You dissed the Julia Roberts character in “Eat, Pray, Love” for leaving her husband because she was “tired of him”. As if men in the movies don’t ever leave their wives because of boredom, and amuse themselves with younger partners of whom the less said the better. Or end up with too-good-to-be-true soulmates. And what’s your problem with “wish-fulfillment” films for women? I wish I had a dollar for every movie I’ve seen or read about that was aimed at MALE fantasies. Every sin (in your eyes) that this film committed has also been committed in hundreds of movies where a man was the protagonist. Then there are those films where a dweebish guy ends up with a knockout gal, who values him for his “inner beauty” and can look past his less-than-stunning exterior; that’s a type of male fantasy that has hardly ever been gender-switched in the movies. There are so many more movies made for male audiences that it seems petty of you to complain about the ones that are made for females.

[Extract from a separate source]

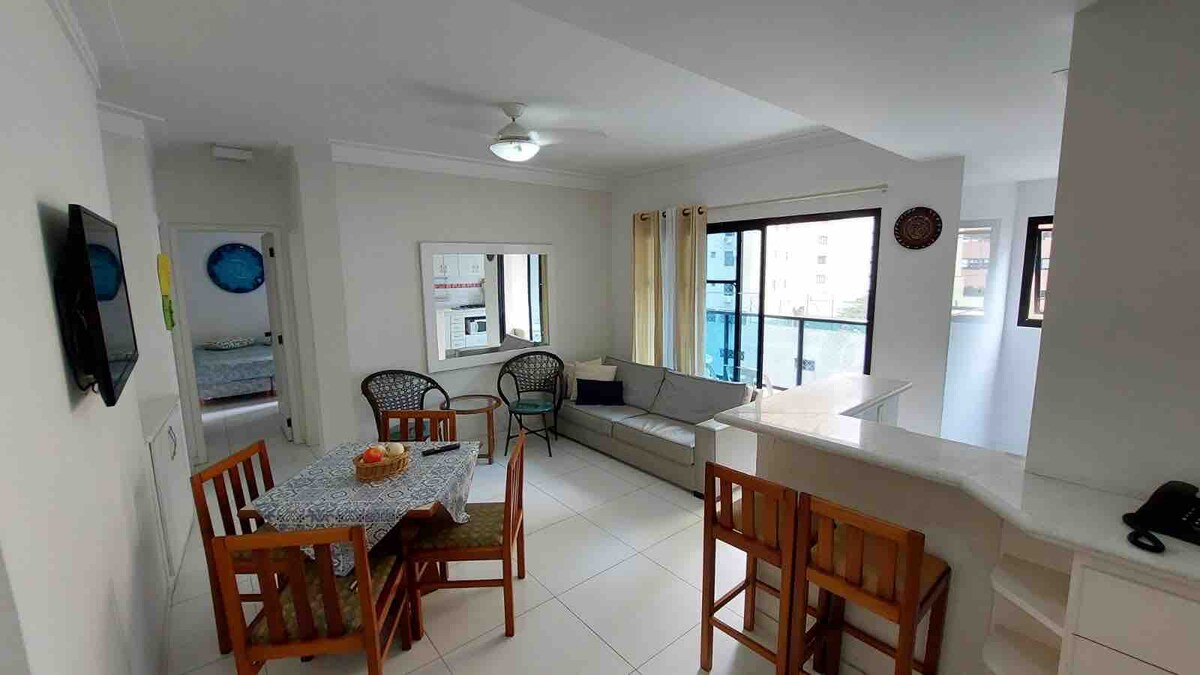 Flat 65 mts2 met uitzicht op zee, 1 slaapkamer met queensize bed en airconditioning, badkamer, grote woonkamer met bank en plafondventilator, tv in de woonkamer, kitchenette, koelkast, kookplaat, oven, compleet keukengerei, wasserette. Het heeft een extra matras Strandservice, binnenzwembad, sauna, speelkamer, gratis wifi, fitnesscentrum, binnengarage, 50 m van het beste deel van het strand van Pitangueiras, naast Morro do Maluf. Dicht bij LaPlage Shopping Mall en restaurants.

In one review you even sneered at the target AUDIENCE of women out on shopping trips with their pals, an activity that is no worse than guys going out to drink too much with their buddies. (At least shopping doesn’t impair your senses.) All of this makes wonder what women have done to you. Obviously you don’t like them to have the upper hand in relationships. You don’t even write about your mother with discernible affection.
I don’t doubt that you have been thinking up ad hominem arguments against everything I’ve said, basing them on surmises about me and my personal life. Women who get “uppity” always have those kind of charges made against them, but it doesn’t diminish the truth of what we say. If you’re as fair-minded as I used to think you were, you would at least take a good look at some of your attitudes and what you write.
From Roger Ebert: Gulp. I love and respect women. Apparently I’ve done a lousy job of communicating that. I suspect your close reading will inspire me to do a better job in the future.
I have noticed and praised female bodies in my reviews. It’s true that I don’t recall lavishing any praise on male bodies. That’s the way I think. Nature made me that way. My physical descriptions are not intended as objective, but as subjective responses. I doubt that will change.
Anyway, thanks for writing such an essay. I consider it a compliment.